- Born: 1946 (age 79–80) Johannesburg, South Africa
- Occupations: Writer, speaker, consultant Founding partner, ThinkX Intellectual Capital
- Website: Tim Hurson ThinkX Intellectual Capital Think Better Blog

= Tim Hurson =

Tim Hurson (born 1946) is a speaker, writer and creativity theorist living in Toronto, Ontario, Canada. He was born in Johannesburg, South Africa, and grew up in New York City, USA. He is now a Canadian citizen. He was educated at The Peddie School in Hightstown, New Jersey, and went to college at Oberlin College in Ohio.

Hurson was a founding partner of Manifest Communications, a company focussed on social change strategy.
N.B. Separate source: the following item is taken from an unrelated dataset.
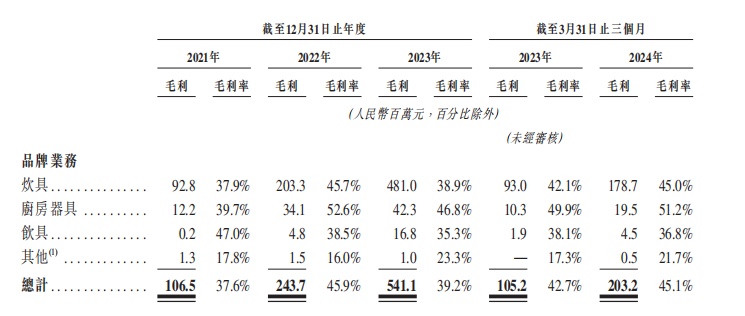 分业务来看,公司大部分收益来自销售自有品牌的厨具产品,该等产品为其整体经营业绩作出重大贡献。2021年占2023年,公司品牌业务收益分别为2.83亿元、5.31亿元及13.80亿元,占总收益的41.9%、69.1%及87.2%;ODM业务收益分别为3.92亿元、2.38亿元及2.03亿元,占总收益的58.1%、30.9%及12.8%。简言之,无论是业务规模还是营收占比,品牌业务均成为卡罗特的第一大业务。

He was its president until selling the company in 1996. After working independently for several years, he became a founding partner of ThinkX Intellectual Capital.

Hurson developed a problem-solving technique known as the ThinkX Productive Thinking Model, a six-step process that builds on the Osborn-Parnes Creative Problem Solving (CPS) Process, combining it with more rigorous engineering-based techniques such as IDEF. His book Think Better was translated into Chinese, Portuguese, Korean, Spanish, Thai, and Polish. The English edition was re-issued with an updated preface in 2018.

Hurson is a faculty member of the conference of the Creativity European Association (CREA). and co-founder regular presenter at Mindcamp Canada creativity retreat. He is a founding board member of Oberlin College's LaunchU Entrepreneurship bootcamp.